DevSecOps Engineer

Radical AI, Inc. is an artificial intelligence company that is accelerating scientific research & development. We are at the forefront of innovation in the field of materials R&D, a critical driver for advancing our most cutting-edge industries and shaping the future. Breaking away from the traditionally slow and costly R&D process, Radical AI leverages artificial intelligence and machine learning to pioneer generative materials science. This innovative field blends AI, engineering, and materials science, revolutionizing how materials are created and discovered. Radical AI's approach speeds up R&D and addresses global challenges, setting new benchmarks in technology and sustainability.

The opportunity

As a DevSecOps Engineer at Radical AI, you will be instrumental in building and maintaining a secure and efficient development and deployment pipeline for our cutting-edge AI and materials discovery platform. You will be responsible for integrating security practices throughout the software development lifecycle, automating security controls, and ensuring the resilience and integrity of our infrastructure and applications.
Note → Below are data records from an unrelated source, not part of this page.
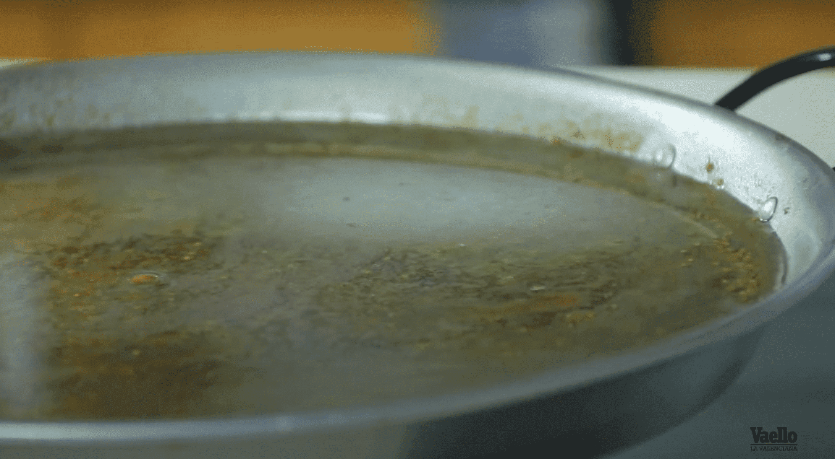 - Añade agua a la paellera y vierte unas gotas de líquido friegaplatos, la cantidad dependerá del grado de quemado de tu paellera.
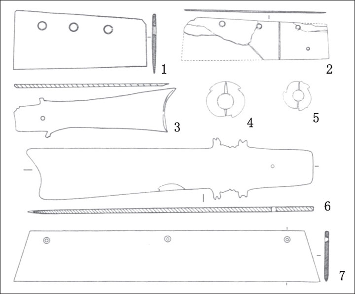 另外,新石器时代中期的安徽省薛家岗文化盛行石刀形玉器,这种玉器也见于山东,在山东龙山文化阶段的墓葬中多用于随葬品。石刀上面通常由一至两个穿绳用的圆孔,而石刀形玉器则以多孔为特征。石刀形玉器的分布范围也是在龙山文化期扩散到了西北地区。出土此种玉器的地点不仅只在位于长城地带接触地区的陕西延安芦山峁遗址和神木石峁遗址等处,还有西北地区的属于齐家文化的青海大通上孙家寨遗址。石刀形玉器又称玉刀,与玉璋同样,出土于二里头文化期的二里头遗址等处。
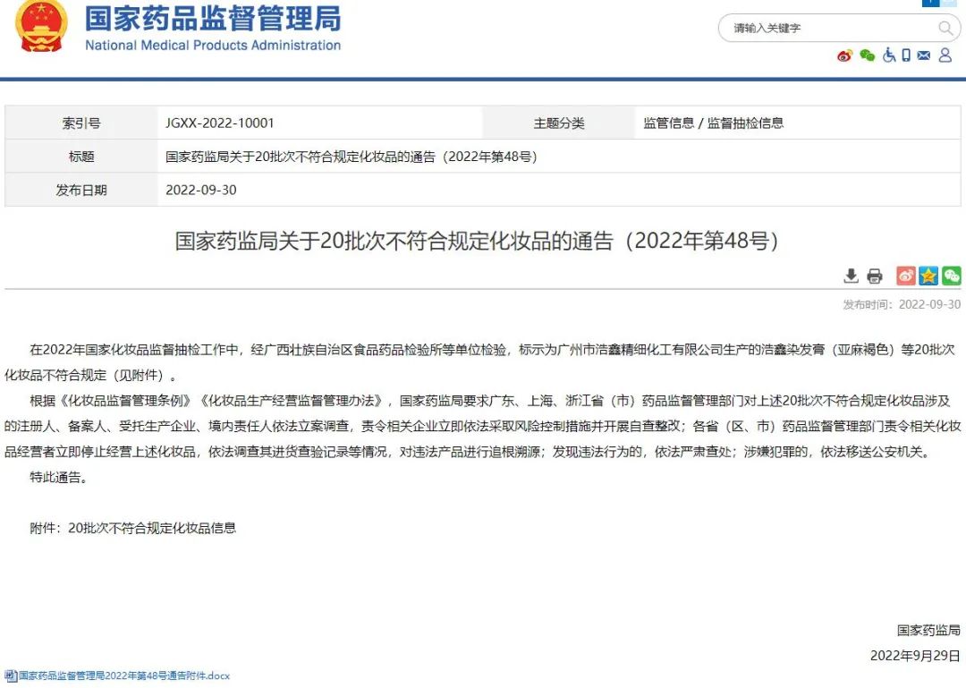 根據《通告》,在2022年國家化妝品監督抽檢工作中,經廣西壯族自治區食品藥品檢驗所等單位檢驗,標示為廣州市浩鑫精細化工有限公司生產的浩鑫染發膏(亞麻褐色)等20批次化妝品不符合規定。
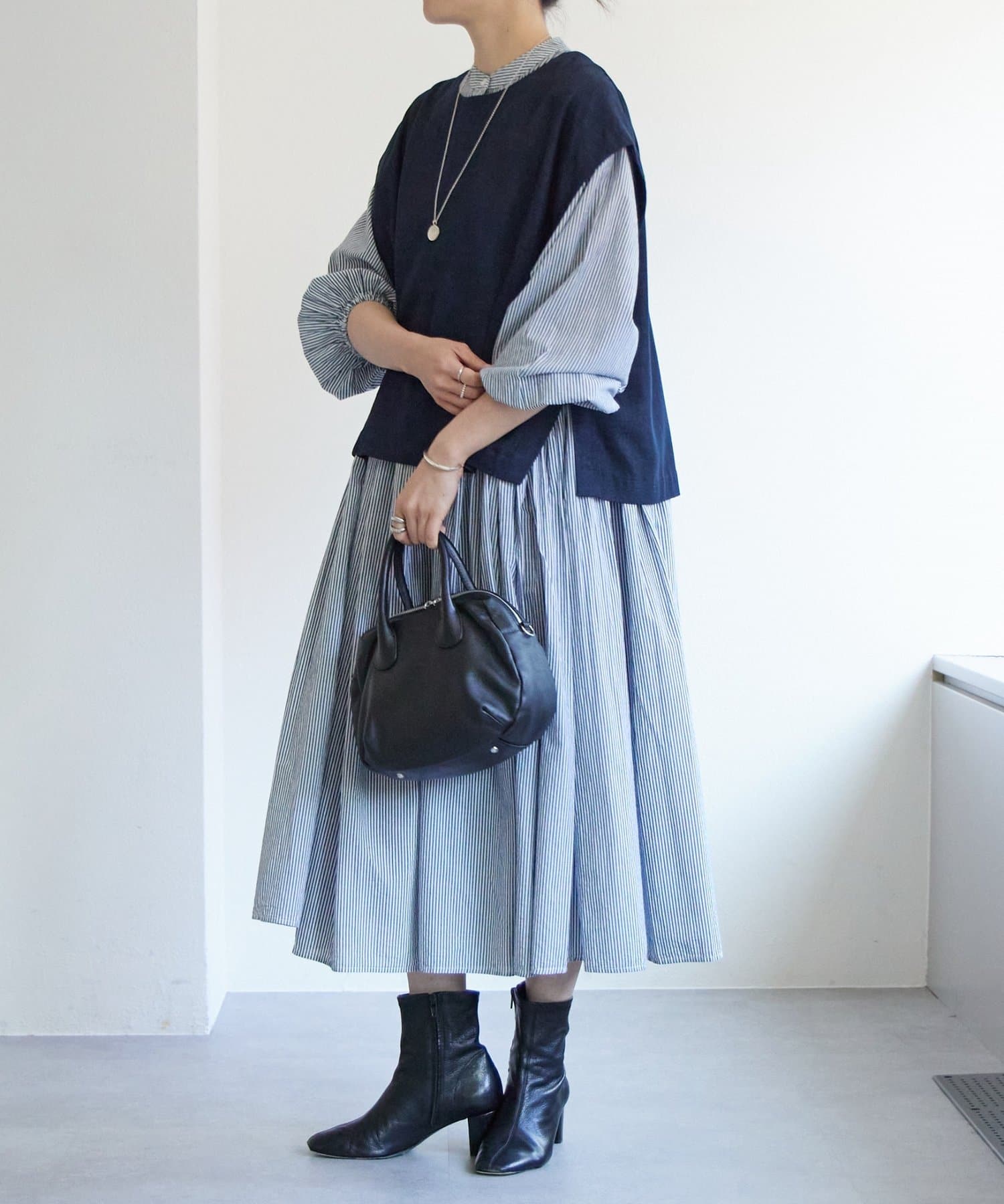 • 164cm・1サイズ・ネイビー(ストライプ)着用
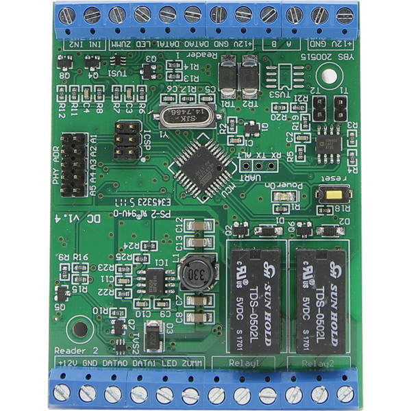 Ajtó vezérlő, 2x Wiegand 26; 2x relé kimenet, 2x relé bemenet, csak panel
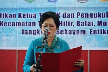 SANGGAU — Ketua Tim Penggerak Pemberdayaan dan Kesejahteraan Keluarga (TP PKK) Kabupaten Sanggau, Arita Apolina, Senin (27/2) pagi melantik Ketua TP PKK sekaligus mengukuhkan Bunda PAUD Kecamatan Tayan Hilir, Balai, Mukok, Bonti, Jangkang, Sekayam dan Entikong.
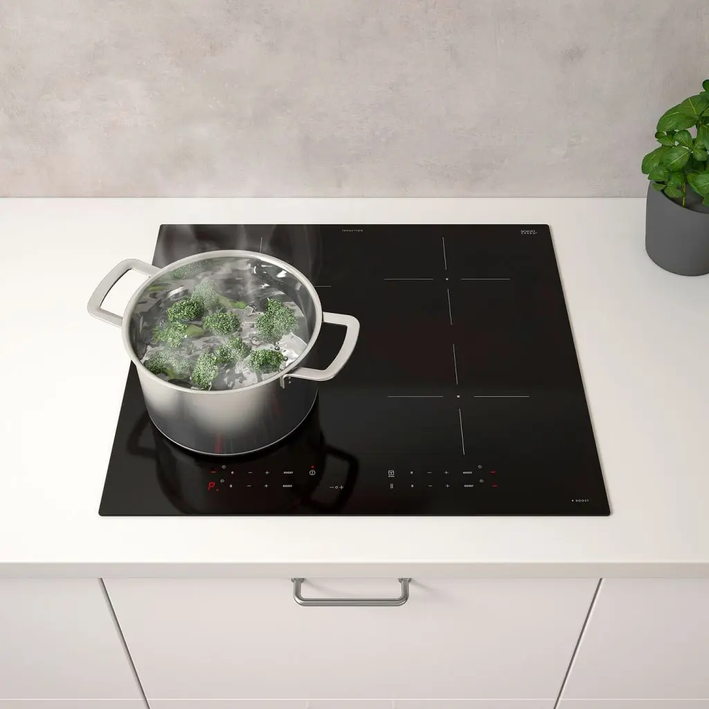 У этой индукционной варочной панели есть все базовые функции и 4 зоны с ускорителем. Это особенно удобно, чтобы быстро вскипятить воду или приготовить блюдо в воке. Есть замок для безопасности детей.

Your work will be critical in enabling the rapid and secure delivery of our innovative solutions.

• Integrate security tools and practices into every stage of the development lifecycle, from code creation to deployment and monitoring.
• Design, build, and maintain robust, secure and scalable CI/CD pipelines to automate software delivery processes.
• Automate security testing (SAST, DAST, vulnerability scanning) and integrate the results into the development workflow.
• Design and implement secure and optimized cloud (e.g., AWS, Azure, GCP) and on-prem infrastructure following security best practices and compliance standards.
• Develop and maintain infrastructure-as-code (IaC) using tools like Terraform or CloudFormation, incorporating security configurations.
• Implement and manage security monitoring and alerting systems to proactively identify and respond to potential threats.
• Implement and manage monitoring and alerting systems to proactively identify and resolve infrastructure and application issues.
• Troubleshoot and resolve infrastructure and deployment-related issues across development, staging, and production environments.
• Implement and manage containerization and orchestration technologies (e.g., Docker, Kubernetes) to improve application portability and scalability.
• Collaborate closely with software engineers, ML engineers, and research scientists to understand their needs and provide secure and efficient solutions.
• Develop and maintain security policies, procedures, and documentation.
• Stay up-to-date with the latest security threats, vulnerabilities, and best practices.
• Promote a security-conscious culture within the engineering teams through training and knowledge sharing.
• Troubleshoot and resolve security-related issues in development, staging, and production environments.
• Mentor and guide junior team members and interns on DevSecOps principles and practices.
• Conduct security assessments of our systems and applications.

• B.S. or M.S. in Computer Science, Information Security, Engineering, or a related field, or equivalent practical experience.
• Proven experience in a DevSecOps, Security Engineering, or DevOps role with a strong security focus.
• Solid understanding of security principles, practices, and common security tools (e.g., vulnerability scanners, intrusion detection systems).
• Experience with CI/CD tools (e.g., GitHub Actions, Jenkins, CircleCI) and integrating security checks within them.
• Hands-on experience with cloud platforms (e.g., AWS, Azure, GCP) and their security services, as well as on-prem.
• Proficiency in at least one scripting language (e.g., Python, Bash) for automation tasks.
• Experience with Infrastructure-as-Code (IaC) tools such as Terraform or CloudFormation.
• Familiarity with containerization technologies (e.g., Docker, Kubernetes) and their security considerations.
• Understanding of network security concepts (e.g., firewalls, VPNs, network segmentation).
• Solid understanding of Linux/Unix systems administration.
• Strong analytical and problem-solving skills with a security-first mindset.
• Excellent communication and collaboration skills, capable of explaining technical security concepts to both technical and non-technical audiences.
• Passion for building secure and reliable systems.

• Relevant security certifications (e.g., CISSP, CISM, Security+, AWS Certified Security – Specialty, Certified Kubernetes Security Specialist (CKS)) and/or DevOps certifications (e.g.,  AWS Certified Solutions Architect,
• Experience with security information and event management (SIEM) systems.
• Familiarity with compliance frameworks (e.g., SOC 2, GDPR, HIPAA).
• Experience with security and compliance software (e.g., Drata, Apptega).
• Experience with security testing methodologies and tools (e.g., OWASP ZAP, Burp Suite).
• Contributions to open-source security projects.
• Experience with penetration testing.
• Knowledge of machine learning concepts and security considerations in ML workflows.

• A competitive compensation package also includes the best in benefits:
• Medical, dental, and vision insurance for you and your family
• Mental health and wellness support
• Unlimited PTO and 14+ company holidays per year
• 401K 
• Work closely with a team on the cutting edge of AI research.
• A mission: an opportunity to fundamentally change the way humanity makes progress through materials science discovery.

Radical AI is committed to equal employment opportunity regardless of race, color, ancestry, national origin, religion, sex, age, sexual orientation, gender identity and expression, marital status, disability, or veteran status.